• [What the task asks]: For this exercise, repeat exactly the lines below starting at the line holding "宁夏燕宝慈善基金会2022年本科新生奖励项目全日制高等院校名单" and ending at the line holding "A late Victorian", both included, with no extra lines and no pictures.

• [Input data]:
---

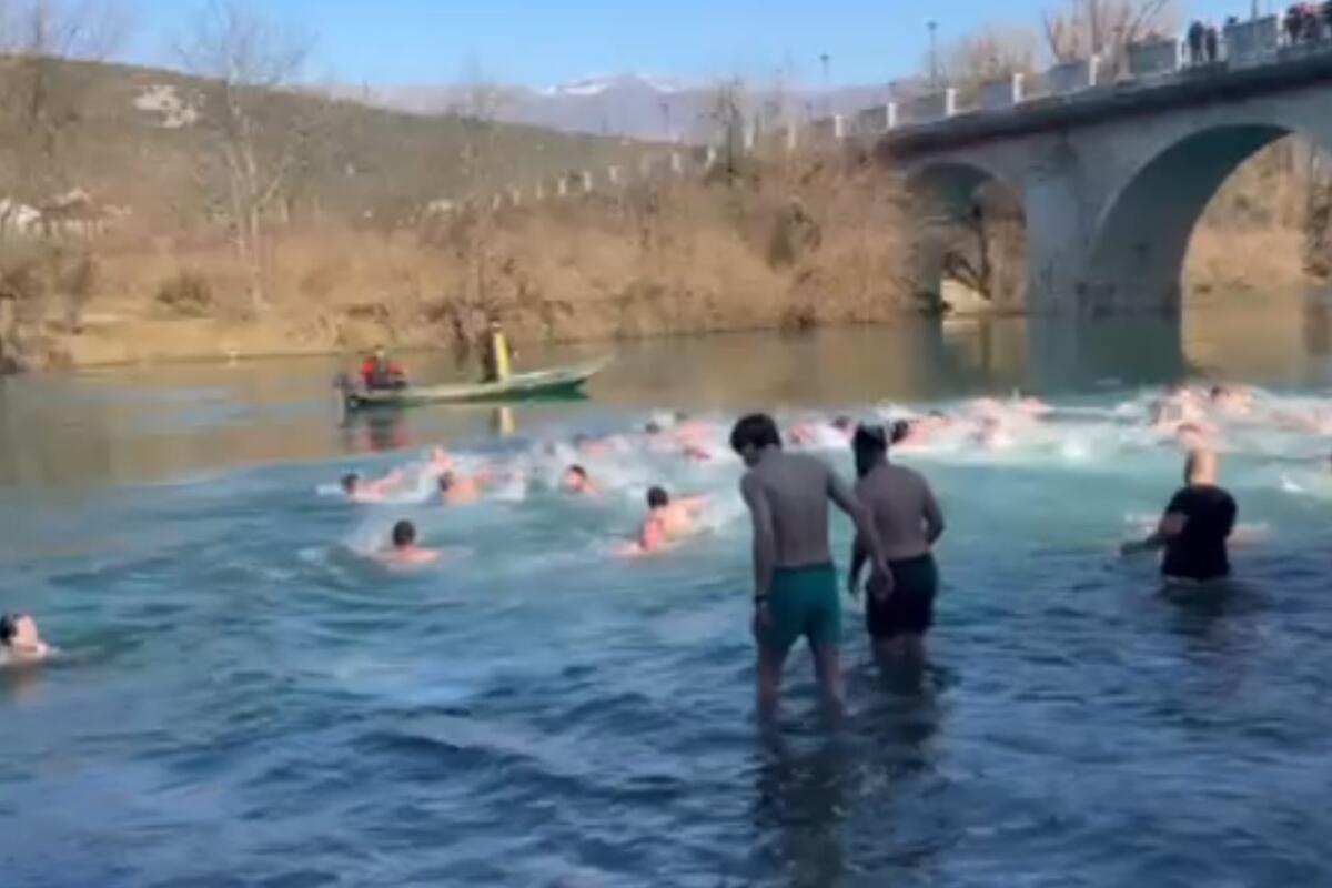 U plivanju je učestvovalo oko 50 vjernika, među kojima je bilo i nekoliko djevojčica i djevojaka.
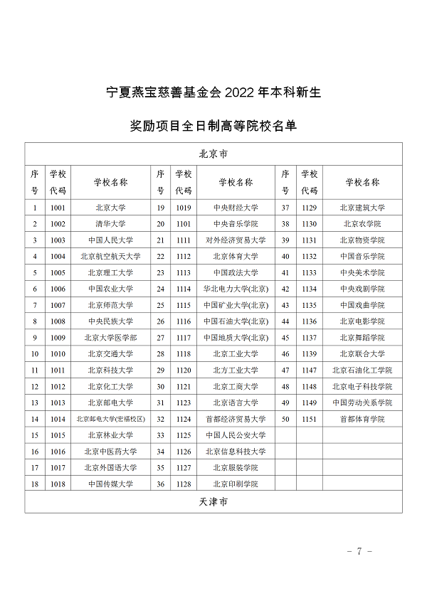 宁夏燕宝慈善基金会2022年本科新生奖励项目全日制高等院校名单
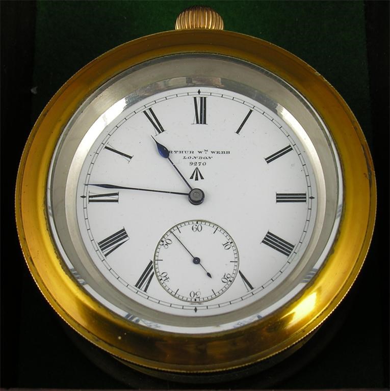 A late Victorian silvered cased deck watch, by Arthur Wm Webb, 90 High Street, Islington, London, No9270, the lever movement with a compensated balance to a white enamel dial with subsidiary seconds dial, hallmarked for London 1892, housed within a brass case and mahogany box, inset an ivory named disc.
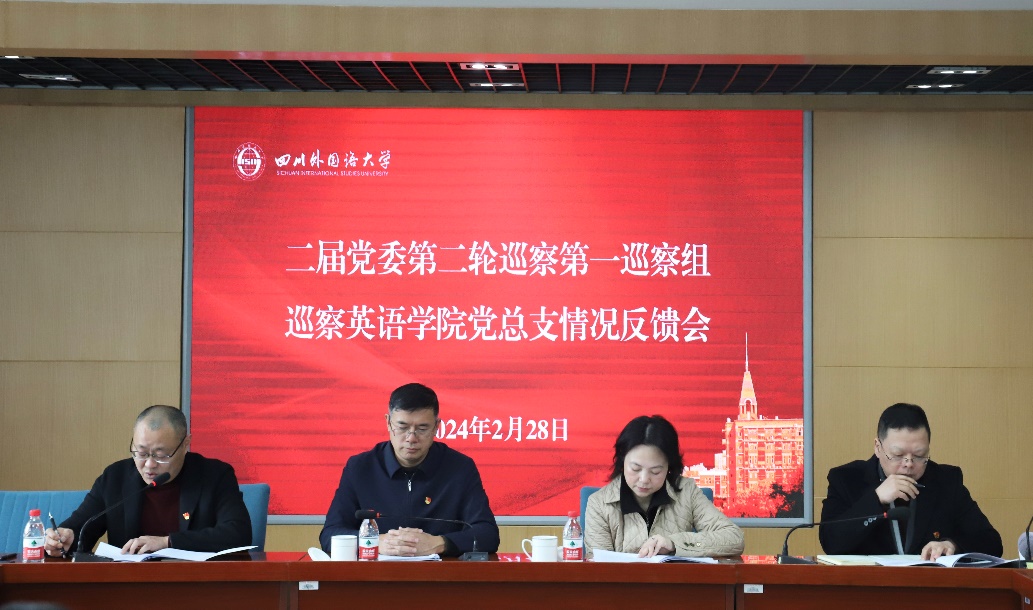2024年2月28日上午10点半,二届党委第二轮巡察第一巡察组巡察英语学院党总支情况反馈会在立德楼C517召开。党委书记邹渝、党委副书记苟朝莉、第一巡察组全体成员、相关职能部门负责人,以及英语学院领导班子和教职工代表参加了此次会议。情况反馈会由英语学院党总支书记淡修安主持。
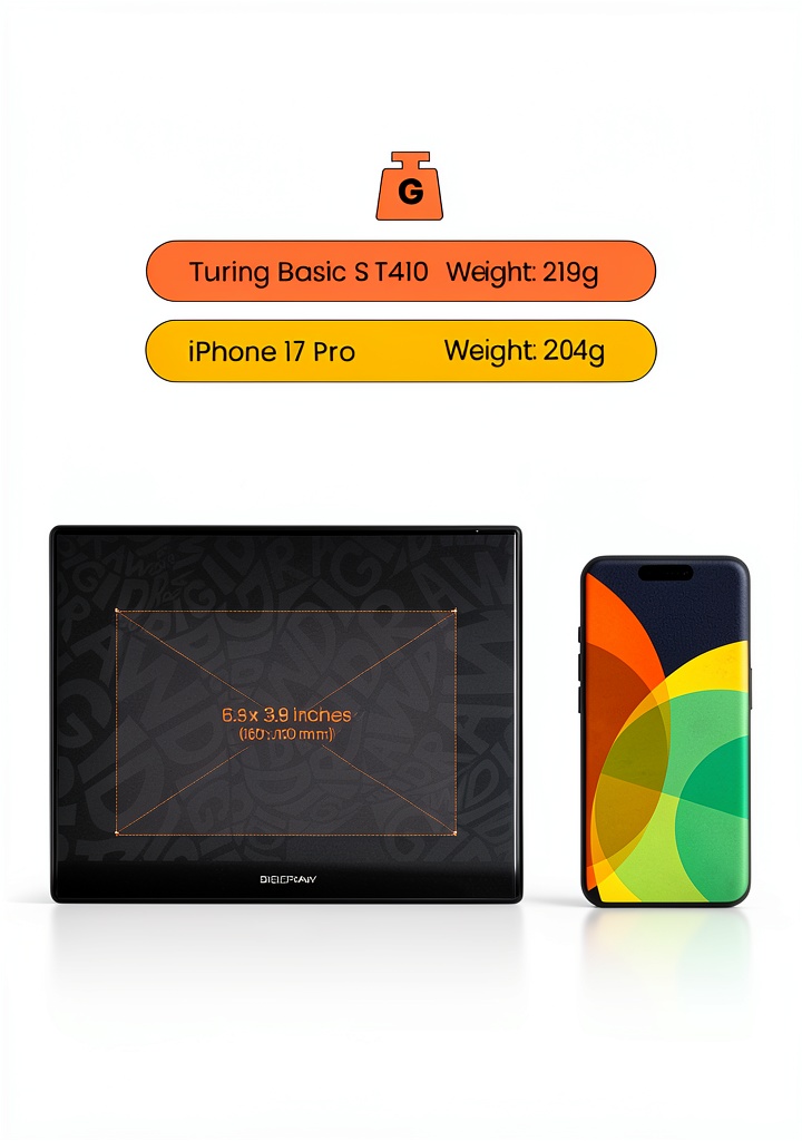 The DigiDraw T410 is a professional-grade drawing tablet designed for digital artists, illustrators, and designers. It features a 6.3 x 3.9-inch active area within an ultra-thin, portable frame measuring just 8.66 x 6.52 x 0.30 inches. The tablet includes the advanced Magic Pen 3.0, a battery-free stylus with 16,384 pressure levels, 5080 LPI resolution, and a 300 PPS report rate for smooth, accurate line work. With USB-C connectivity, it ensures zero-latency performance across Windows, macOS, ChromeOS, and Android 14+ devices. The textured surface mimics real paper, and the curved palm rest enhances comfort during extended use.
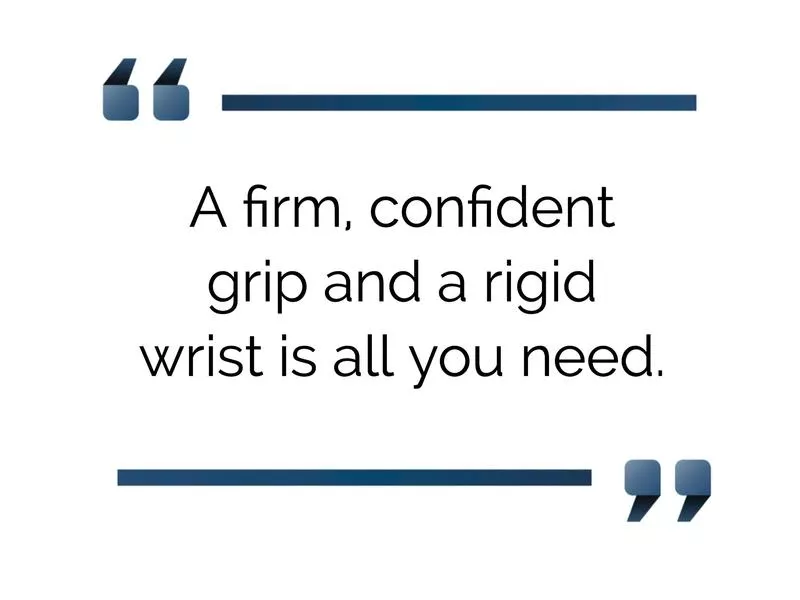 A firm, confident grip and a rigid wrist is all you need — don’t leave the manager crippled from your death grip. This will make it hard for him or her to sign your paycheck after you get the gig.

---

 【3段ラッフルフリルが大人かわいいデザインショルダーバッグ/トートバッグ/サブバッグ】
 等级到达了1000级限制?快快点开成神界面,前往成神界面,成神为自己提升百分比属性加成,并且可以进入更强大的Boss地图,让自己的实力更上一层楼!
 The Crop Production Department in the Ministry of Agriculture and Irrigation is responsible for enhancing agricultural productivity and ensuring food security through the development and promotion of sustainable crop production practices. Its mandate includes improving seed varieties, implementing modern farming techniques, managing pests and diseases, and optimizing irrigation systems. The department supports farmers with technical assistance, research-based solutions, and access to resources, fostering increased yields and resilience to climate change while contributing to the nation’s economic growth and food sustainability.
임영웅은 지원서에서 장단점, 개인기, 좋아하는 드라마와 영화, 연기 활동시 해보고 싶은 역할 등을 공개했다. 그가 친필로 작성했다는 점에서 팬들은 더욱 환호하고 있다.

---

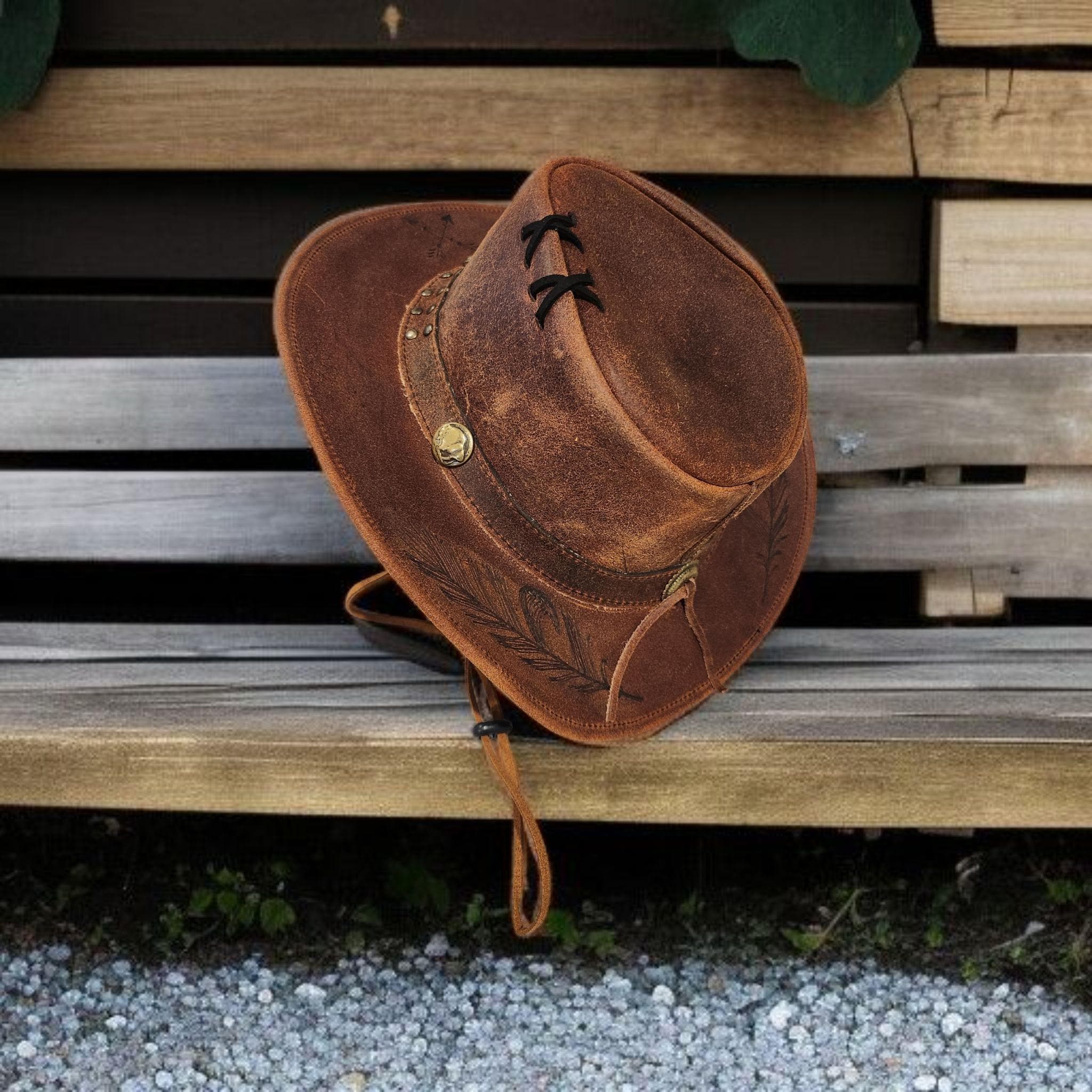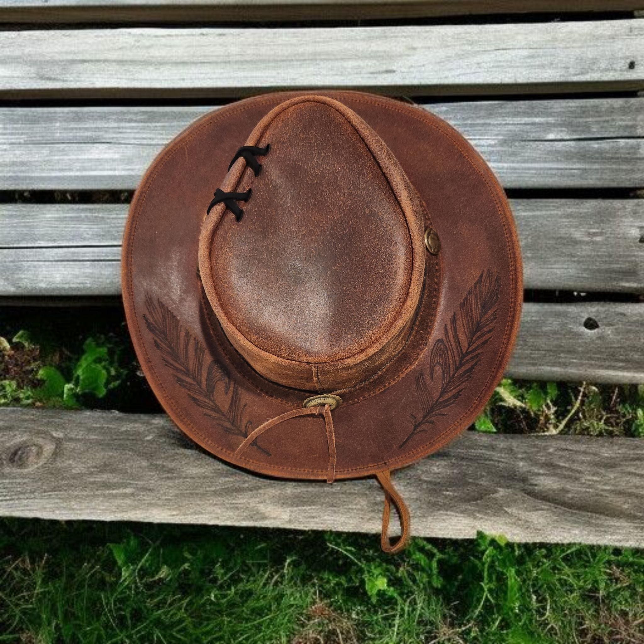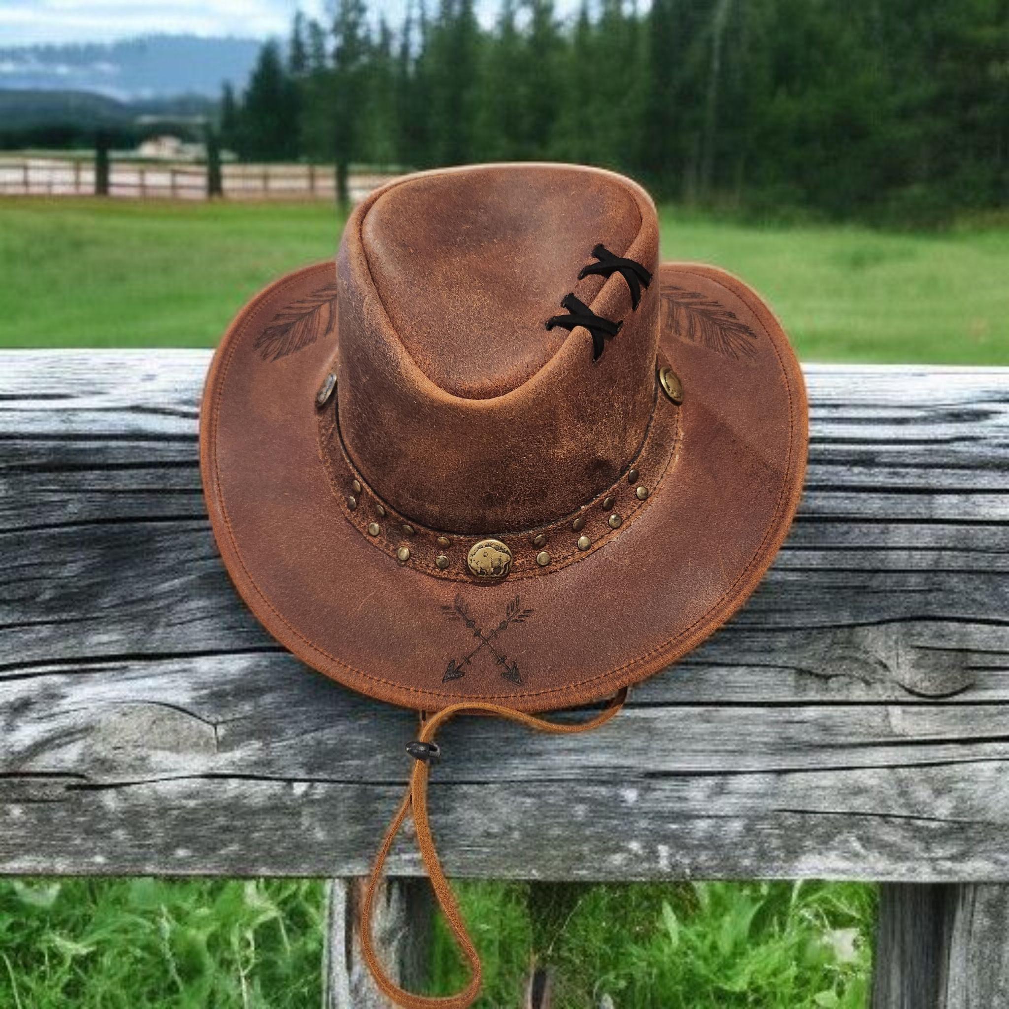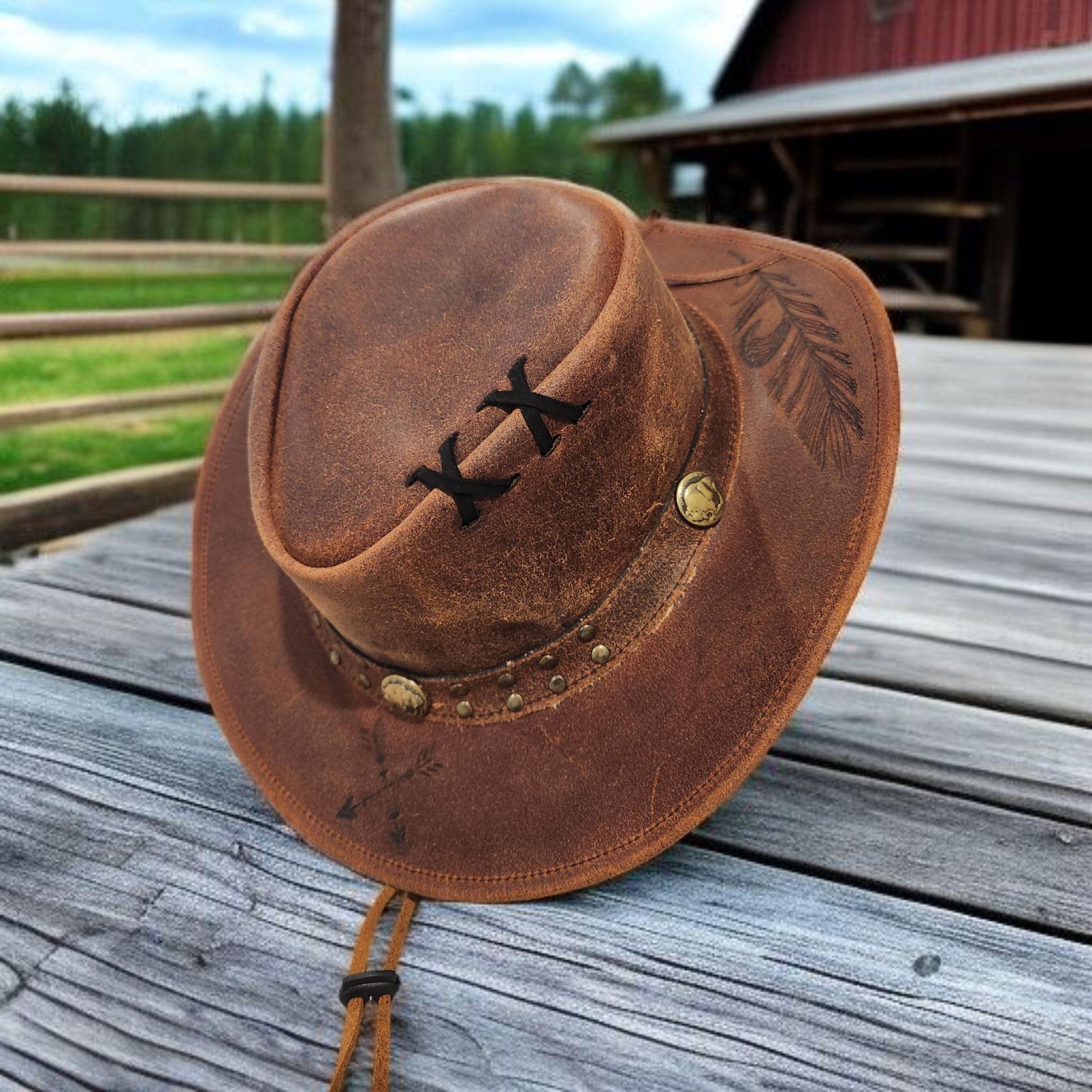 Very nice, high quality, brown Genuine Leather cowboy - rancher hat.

---

• [Answer area]:
 宁夏燕宝慈善基金会2022年本科新生奖励项目全日制高等院校名单
 A late Victorian silvered cased deck watch, by Arthur Wm Webb, 90 High Street, Islington, London, No9270, the lever movement with a compensated balance to a white enamel dial with subsidiary seconds dial, hallmarked for London 1892, housed within a brass case and mahogany box, inset an ivory named disc.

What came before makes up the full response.